[<prev] [next>] [thread-next>] [day] [month] [year] [list]
Message-ID: <BANLkTikNWgzKefWxp6UUqQ-XdBvgG+QSNQ@mail.gmail.com>
Date: Fri, 22 Apr 2011 10:47:40 +0200
From: Stephane Eranian <eranian@...gle.com>
To: Ingo Molnar <mingo@...e.hu>
Cc: Arnaldo Carvalho de Melo <acme@...radead.org>,
linux-kernel@...r.kernel.org, Andi Kleen <ak@...ux.intel.com>,
Peter Zijlstra <peterz@...radead.org>,
Lin Ming <ming.m.lin@...el.com>,
Arnaldo Carvalho de Melo <acme@...hat.com>,
Thomas Gleixner <tglx@...utronix.de>,
Peter Zijlstra <a.p.zijlstra@...llo.nl>, eranian@...il.com,
Arun Sharma <asharma@...com>
Subject: Re: [PATCH 1/1] perf tools: Add missing user space support for config1/config2
On Fri, Apr 22, 2011 at 10:06 AM, Ingo Molnar <mingo@...e.hu> wrote:
>
> * Ingo Molnar <mingo@...e.hu> wrote:
>
>> This needs to be a *lot* more user friendly.
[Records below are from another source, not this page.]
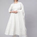 Off White Ethnic Printed Kurta With Palazzo And Dupatta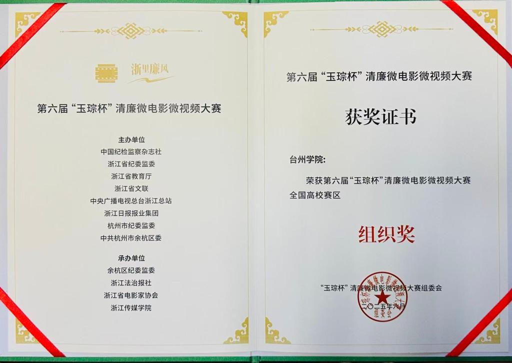 日前,由中国纪检监察杂志社、浙江省纪委监委、浙江省教育厅、浙江省文联、中央广播电视总台浙江总站和浙江日报报业集团等单位主办的“光影@廉映于心”第六届“玉琮杯”清廉微电影微视频大赛颁奖活动在杭州举行。我校马克思主义学院报送的作品《一出好戏》获得高校赛区微电影类铜奖,药学院报送的作品《抵制诱惑 坚守正道》获得高校赛区微视频类铜奖,同时学校获得全国高校赛区组织奖。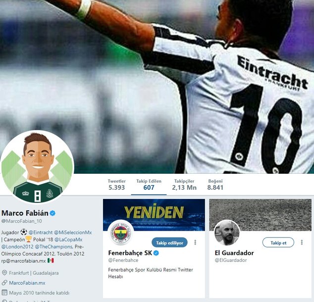 Fenerbahçe'ye prensipte anlaşan 29 yaşındaki orta saha oyuncusu, sosyal medya hesabından sarı-lacivertli kulübü takip etti. Fenerbahçeli taraftarlar da yıldız oyuncuya sıkı markaj uyguluyor. Taraftarlar, Marco Fabian'a internet üzerinden Fenerbahçe'ye gel çağrısı yaparak yıldız oyuncunun ikna sürecinde yardımcı oluyor.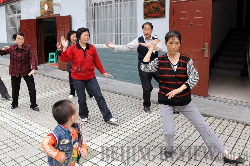 KEEPING FIT: Residents practice taiji in a residential compound in Ankang, north China's Shanxi Province, May 27 (HE JUNCHANG) |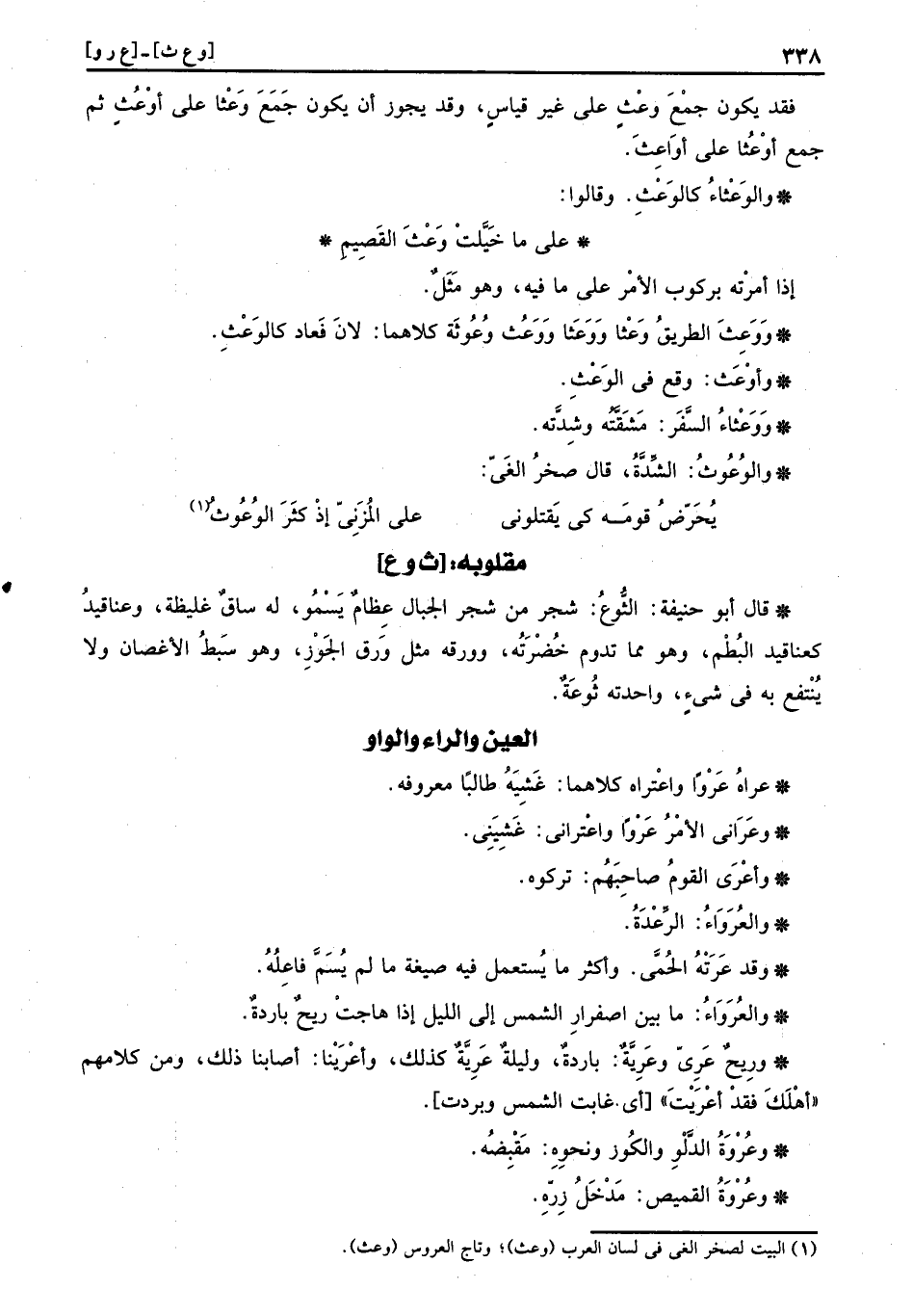 فقد يكون جمع وعْثٍ على غير قِيَاس، وَقد يجوز أَن يكون جمع وَعْثا على أوْعُثٍ ثمَّ جمع أوْعُثا على أوَاعِث.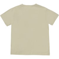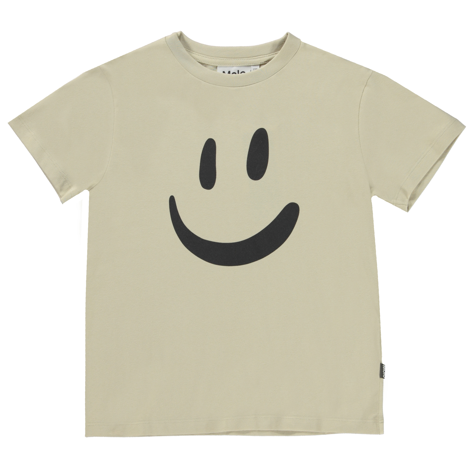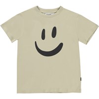 Beige t-shirt med front print. Printet er et stort smil i sort. Denne t-shirt er fremstillet i 100% økologisk bomuld, har korte ærmer, rund halsudskæring med ribkant, samt et regulært fit.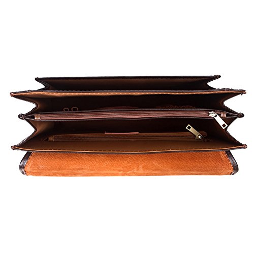 -. Feature : Double handles approximately 15.2 *11.3" 4.3inches drop be able to used comfortably, including an extra adjustable long strap, this purse may do four uses: briefcase, laptop bag, handbag, messenger bag / 100% Guarantee genuine - excellent Crazy Horse cow leather;Brass hardware and plastic feet for stability and durability / Inside is nicely lined with durable fabric, has a wall zippered pocket and two additional pockets (fits for wallet and mobile telephone) / Adjustable, padded and detachable leather & shoulder strap / The front flat with zipper closure is great for quick-access items, while the main compartment protects a laptop and files.
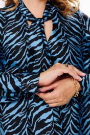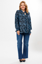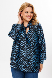 Демисезонная синяя блузка из шифона с завязками BRELA 2373.1 принт_зебра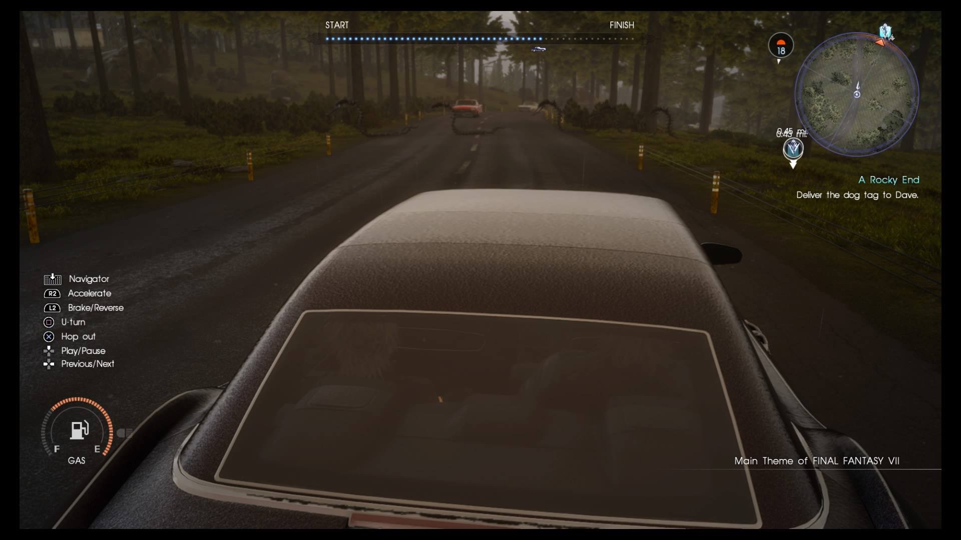 On the bright side though, I will say that being chauffeured across the countryside in an expensive car (your primary mode of transportation, aside from chocobos for off-roading) is actually very relaxing in a “Sunday drive” sort of way. It’s nice to see the main characters goof around with each other in the car, and I was delightfully surprised the first time that the car paused in order to let a family of monsters cross the road. I appreciated those quiet, heart-warming details, and it helped that songs from many old Final Fantasy games can be played on the stereo.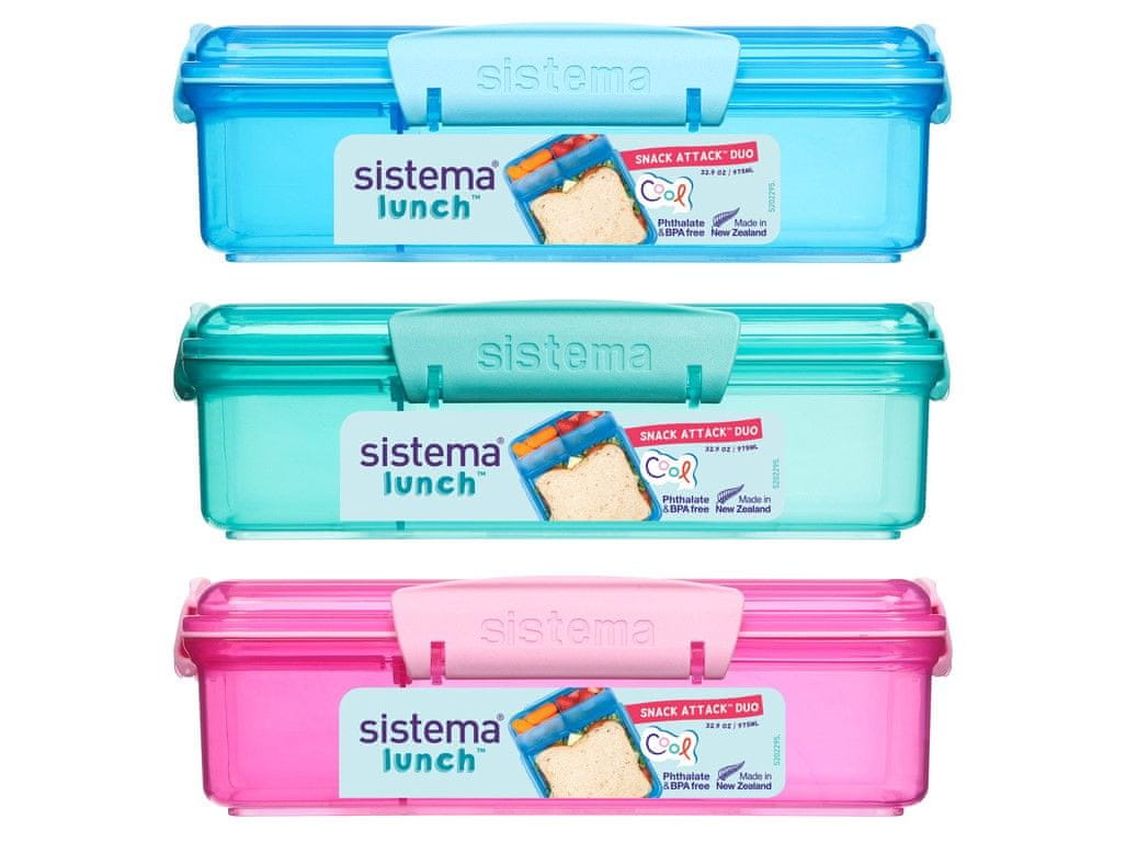 Sistema Split Snack Box škatla za kosilo Snack Attack Duo z dvema ločenima predaloma 975 ml, mix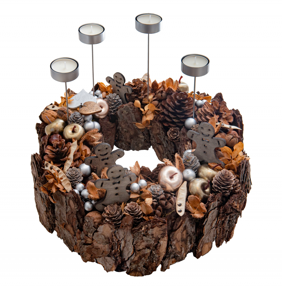Věnec jak z perníkové chaloupky. Zajímavým prvkem jsou svíčky umístěné na stopkách v různých výškách.
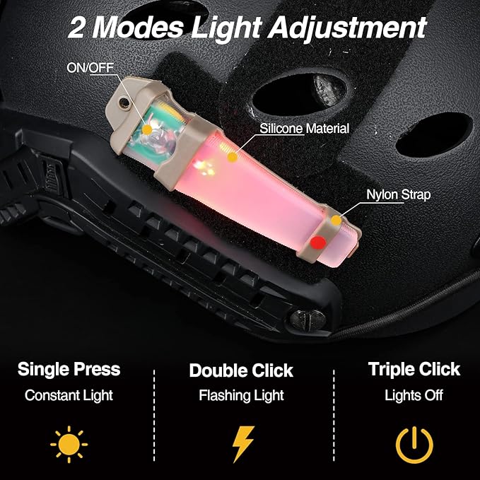 - 【Multi-purpose】This military helmet light is an essential item for cycling, hiking, diving, hunting, boating, training or other outdoor activities. You can stick it on your bicycle seat or tactical helmet, hang it on it on your neck or backpack. Easy to identify potential threats before taking action, clearly visible even in rainy weather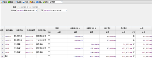 【主要功能】用于查询某个往来供应商所有科目的总账情况。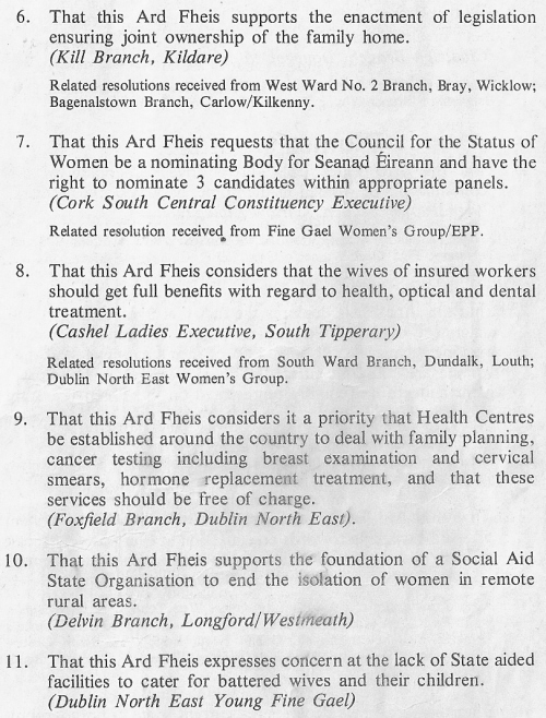 From the 1981 Fine Gael Ard Fheis the motions on Health and Women’s Affairs » healthwa81c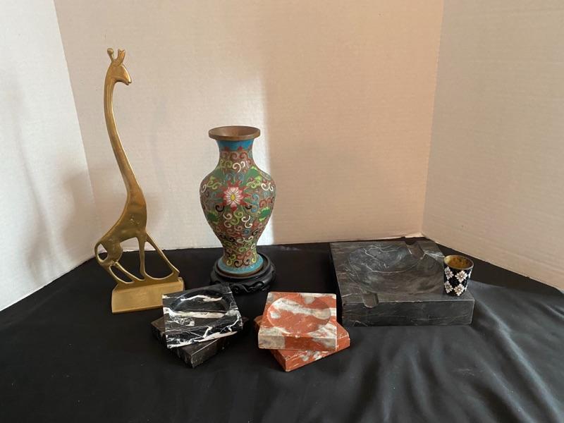 Lot of Marble & Cloisonné Vase with Brass Giraffe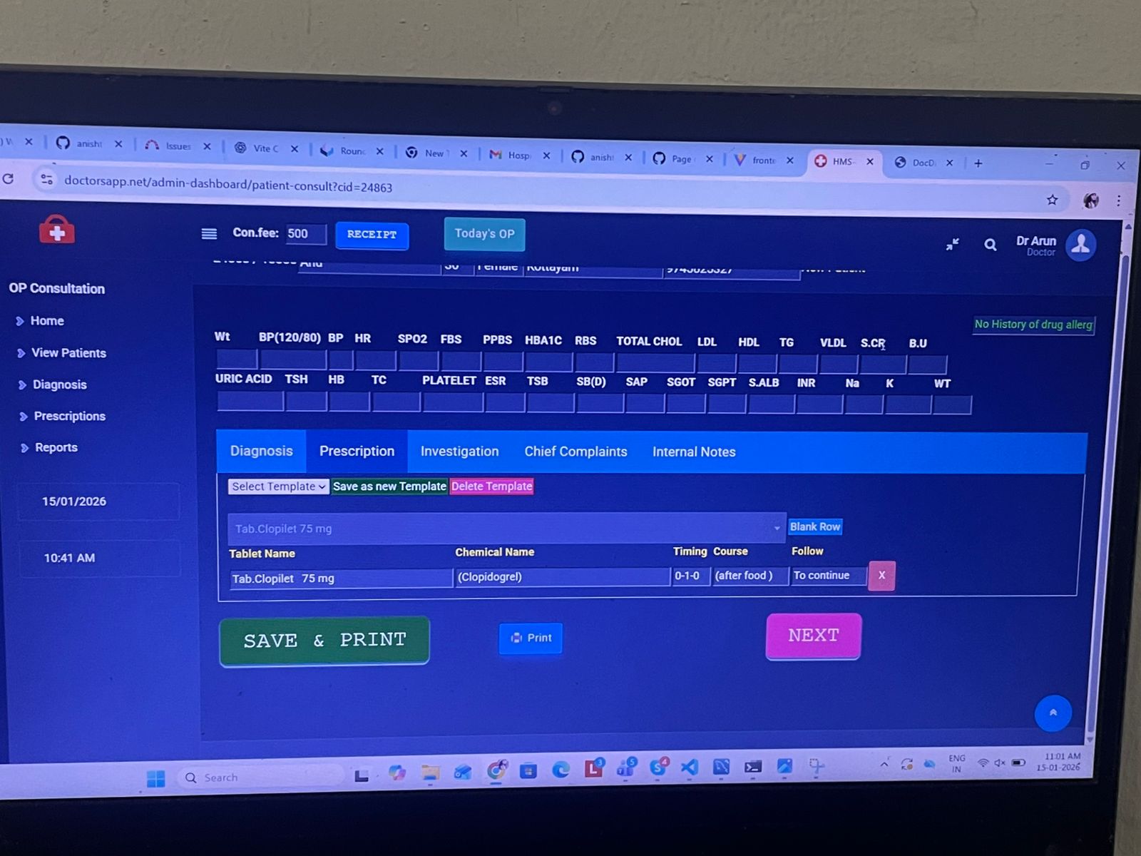 Doctor Login → Today Queue → Open Token → Consultation Page
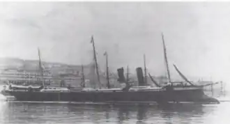 Le navire est propulsé par une paire de moteurs à vapeur composés horizontaux, chacun entraînant une hélice à vis. La vapeur est fournie par douze chaudières Belleville à tubes d'eau au charbon qui sont acheminées vers deux entonnoirs inclinés situés au milieu du navire[5]. Les chaudières à tubes d'eau sont de développement récent et permettent au navire de monter en vapeur et d'accélérer beaucoup plus rapidement que les anciennes chaudières à tubes de fumée[7]. Les chaudières ont été placées sur la ligne médiane au milieu du navire et les soutes à charbon ont été disposées au-dessus d'elles, permettant au charbon d'être alimenté par gravité, réduisant considérablement le travail d'alimentation requis[8]. Pour compléter ses moteurs à vapeur, le navire est équipé d'un gréement de goélette à trois mâts avant et arrière[5].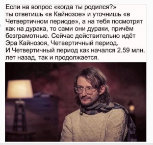 Korolev, как-то Валериус, В. и М.М., нас с тобой старыми обозвал. Интересно, знает ли он, из какой древней геологической эпохи он сам происходит? Вот что умные люди пишут: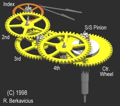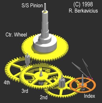 Na sledećim fotografijama može se videti na koji način indeks zupčanik prenosi energiju tj pokreće ceo splet zupčanika ( gear train ) koji na kraju pokreću kazaljke.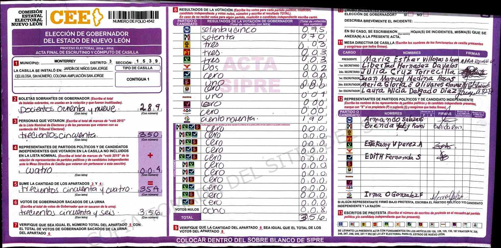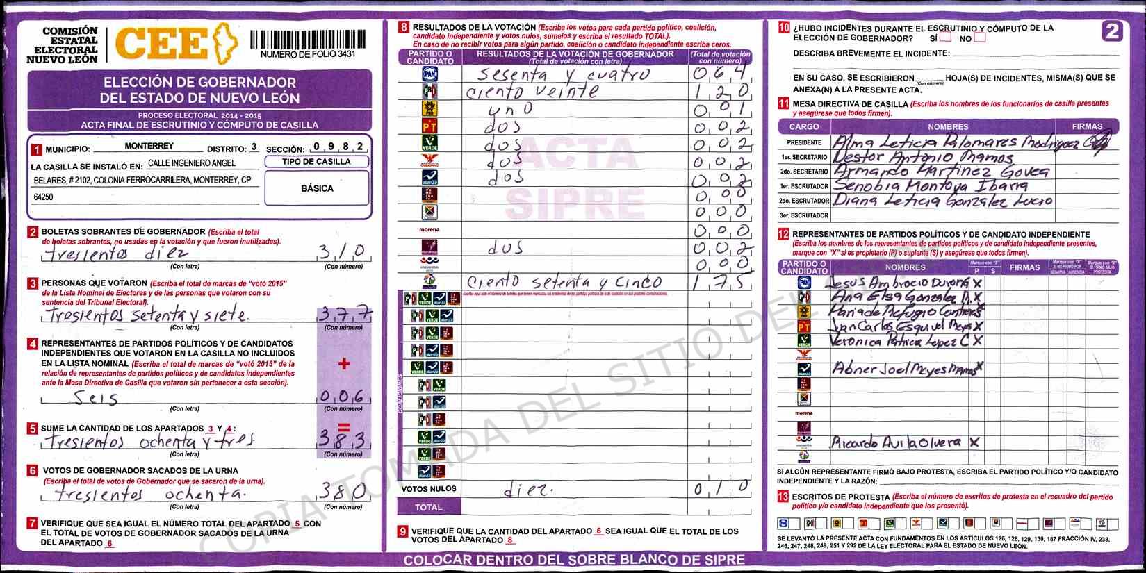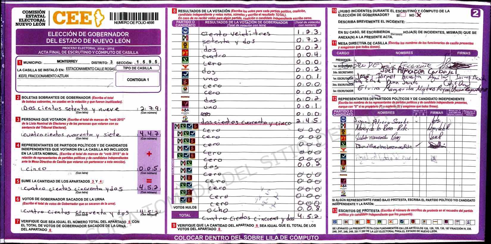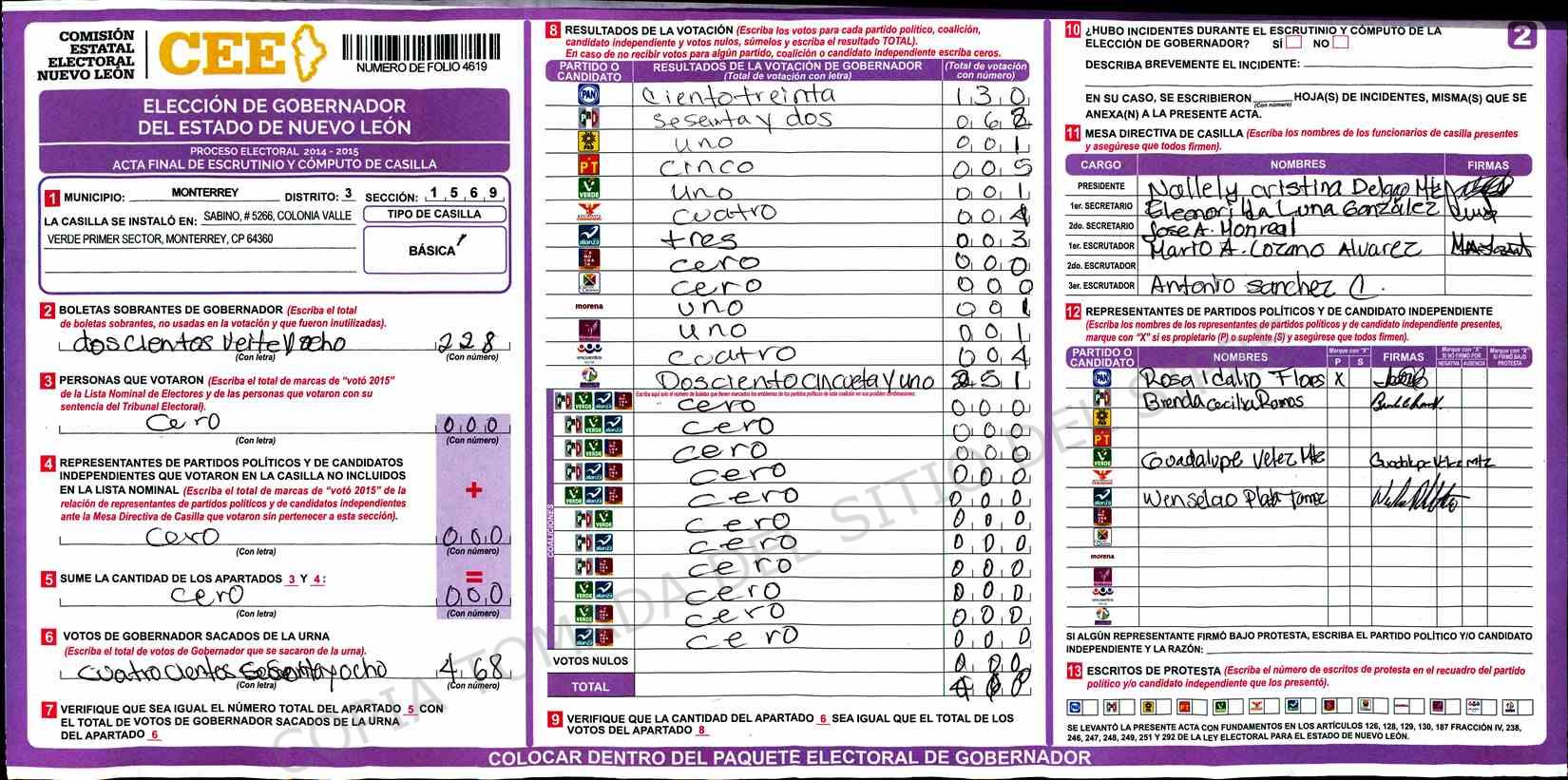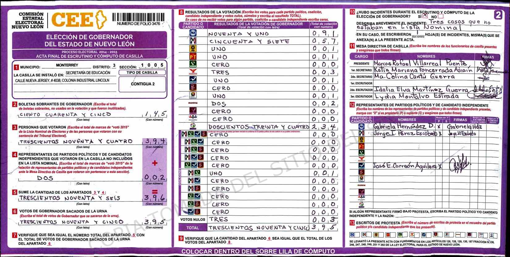 | Claves de Incidencia: | (1) Ilegible, (2) Mutilada, (3) Presenta Correcciones, (4) Presenta Borrones, (5) En Blanco, (6) Cifras Remarcadas, (7) Cifras de Mas, (8) Copiado Movido, (9) Con Signos Inválidos, (10) Excede Lista Nominal, (11) Otra |

Users do not want to type in
>> stupid hexa magic numbers to get profiling. We have moved beyond the oprofile
>> era really.
>>
>> Unless there's proper generalized and human usable support i'm leaning
>> towards turning off the offcore user-space accessible raw bits for now, and
>> use them only kernel-internally, for the cache events.
>
Generic cache events are a myth. They are not usable. I keep getting questions
from users because nobody knows what they are actually counting, thus nobody
knows how to interpret the counts. You cannot really hide the micro-architecture
if you want to make any sensible measurements.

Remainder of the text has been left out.